# Supplied material
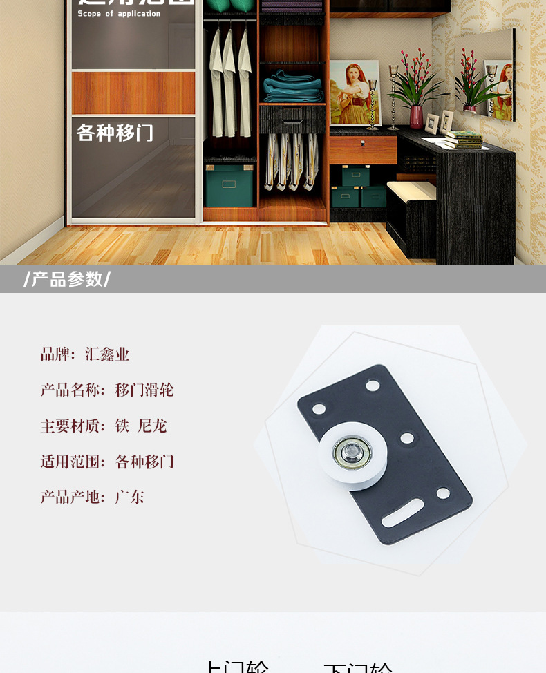 汇鑫业五金 衣柜移门轮 推拉门滑轮 橱柜轨道 B型趟门轮子配件
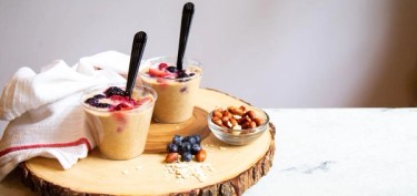 Portion with a #8 scoop into 10 to 12 oz. cups. Top each portion with ½ cup frozen mixed berries. Cover and refrigerate overnight.
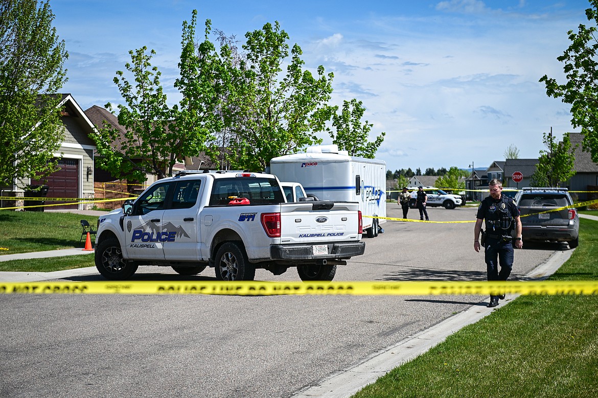 Kalispell's major crime unit trailer was at the property as detectives conducted the investigation in the suburban subdivision.
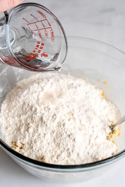 - Add the remaining flour, melted butter, and water. Stir together well. The dough will look like a big old lumpy blob.5 cups all-purpose flour, 1 stick unsalted butter, 1.5 cups warm water

# Work instruction
Print, exactly as written, the lines from the one containing "Kalispell's major crime" to the end of the material, both ends included, and nothing else; no pictures.

# Solved exercise
 Kalispell's major crime unit trailer was at the property as detectives conducted the investigation in the suburban subdivision.
 - Add the remaining flour, melted butter, and water. Stir together well. The dough will look like a big old lumpy blob.5 cups all-purpose flour, 1 stick unsalted butter, 1.5 cups warm water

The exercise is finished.